American TV crime series

Longstreet is an American crime drama that was broadcast on ABC in the 1971–1972 season (see 1971 in television). A 90-minute pilot movie of the same name aired prior to the debut of the series as an ABC Movie of the Week.

==Synopsis==
The series starred James Franciscus as insurance investigator Mike Longstreet. After a bomb hidden in a champagne bottle kills his wife, Ingrid, and leaves him blind, the title character pursues and captures the killers. He then continues his career as an insurance investigator despite his blindness. Longstreet's seeing eye dog was a white German Shepherd called Pax. The series was set in New Orleans, but was actually filmed in Los Angeles.

Mystery fiction novelist Baynard Kendrick was credited in each episode as the creator of the source material for the series. Kendrick's character, Captain Duncan Maclain, was a blind private detective with two German Shepherds.

Bruce Lee appeared in four episodes as Li Tsung, an antiques dealer and Jeet Kune Do expert who becomes Longstreet's martial arts instructor. Wikiquote has quotations from Li Tsung's teachings.

Twenty-three episodes of the show were aired before it was canceled in 1972.
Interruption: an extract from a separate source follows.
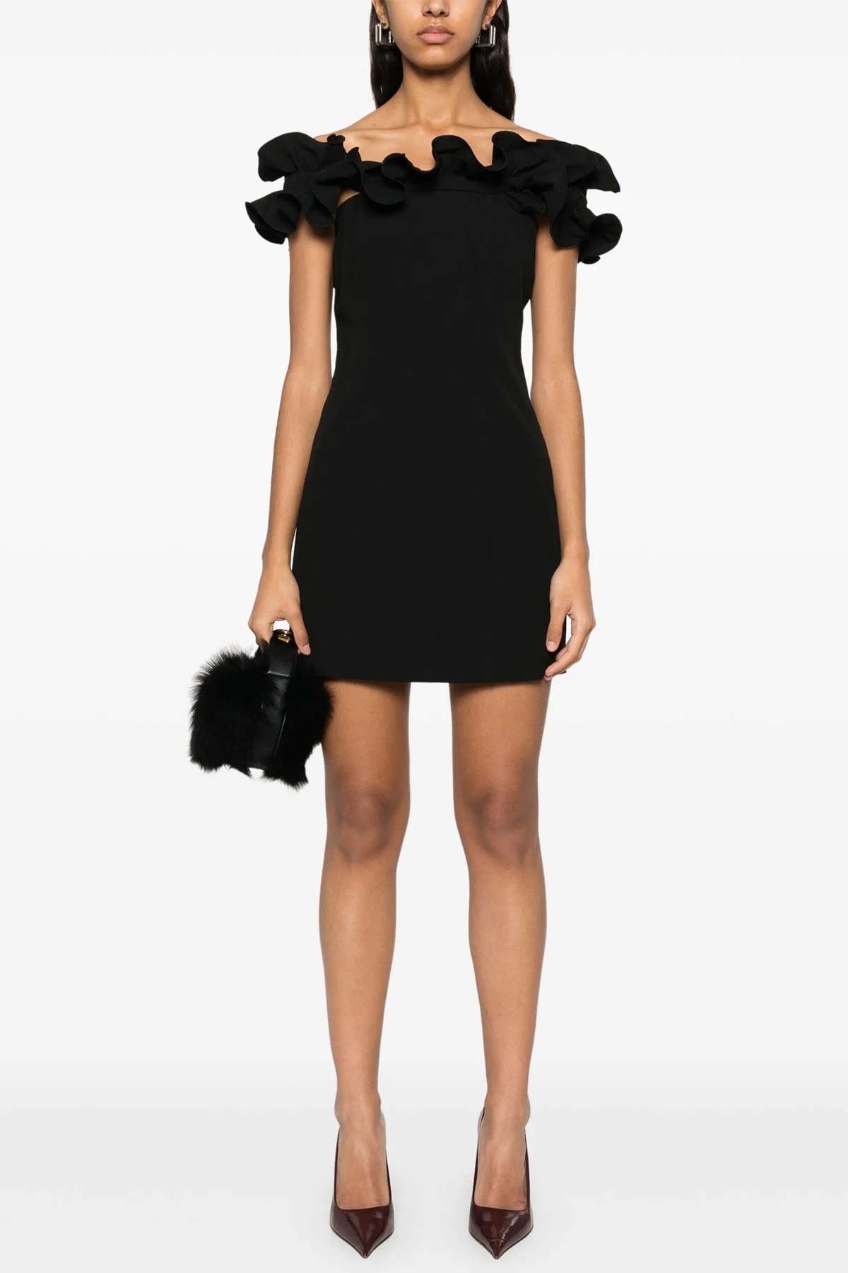 'Mini Ruffle' dress in viscose blend, off-the-shoulder style with ruffle decoration and back zip closure.

==Regular and recurring characters==
- Mike Longstreet - James Franciscus
- Nikki Bell - Marlyn Mason 22 episodes
- Duke Paige - Peter Mark Richman 20 episodes
- Mrs. Kingston - Ann Doran 17 episodes
- Li Tsung - Bruce Lee 4 episodes

==Episodes==

===Pilot (1971)===

| Title | Directed by | Written by | Original release date | Prod. code |
| Longstreet | Joseph Sargent | Stirling Silliphant | February 23, 1971 | 100 |
Pilot TV-movie: The story of Michael Longstreet, an insurance investigator recovering from an explosion that killed his wife and took his sight. He decides to remain an investigator and find those responsible for his wife's death and his blindness.

===Season 1 (1971–72)===

| No. | Title | Directed by | Written by | Original release date | Prod. code |
| 1 | "The Way of the Intercepting Fist" | Don McDougall | Stirling Silliphant | September 16, 1971 | 102 |
Mike enlists the teachings of martial arts expert Li Tsung in order to defend himself despite his blindness. Note: This is the first of four appearances by Bruce Lee as Li Tsung.
| 2 | "A World of Perfect Complicity" | Jud Taylor | Stirling Silliphant | September 23, 1971 | 101 |
Mike and Nikki go undercover as husband and wife in an exclusive apartment building, in an attempt to discover the identity of a thief who is robbing its wealthy residents.
| 3 | "One in the Reality Column" | Don McDougall | Lionel E. Siegel | September 30, 1971 | 106 |
To prevent Mike from identifying the voice of a murderer in court, he is put through an ordeal where he is kidnapped, drugged with a hallucinogen, and left alone on a deserted ship.
| 4 | "So, Who's Fred Hornbeck?" | David Lowell Rich | Sandor Stern | October 7, 1971 | 103 |
A man who spent several years in prison for a murder he didn't commit enlists Mike's help in finding the real killer.
| 5 | "Elegy in Brass" | David Lowell Rich | Stephen Lord | October 14, 1971 | 105 |
When Mike begins investigating the murder of a Jazz Society director and the theft of two rare and valuable instruments, it leads him on a path into greed, ambition, hidden family secrets and the world of jazz music.
| 6 | "Spell Legacy Like Death" | Paul Krasny | Story by : Sy Salkowitz Teleplay by : Sy Salkowitz & Mark Rodgers | October 21, 1971 | 109 |
A dying man sets bombs around the city, and then calls Mike demanding $500,000 in ransom money. Mike suspects the bomber is someone from a case he worked in the past, as he meets with the bomber to pay the ransom. Note: This is the second of four appearances by Bruce Lee as Li Tsung.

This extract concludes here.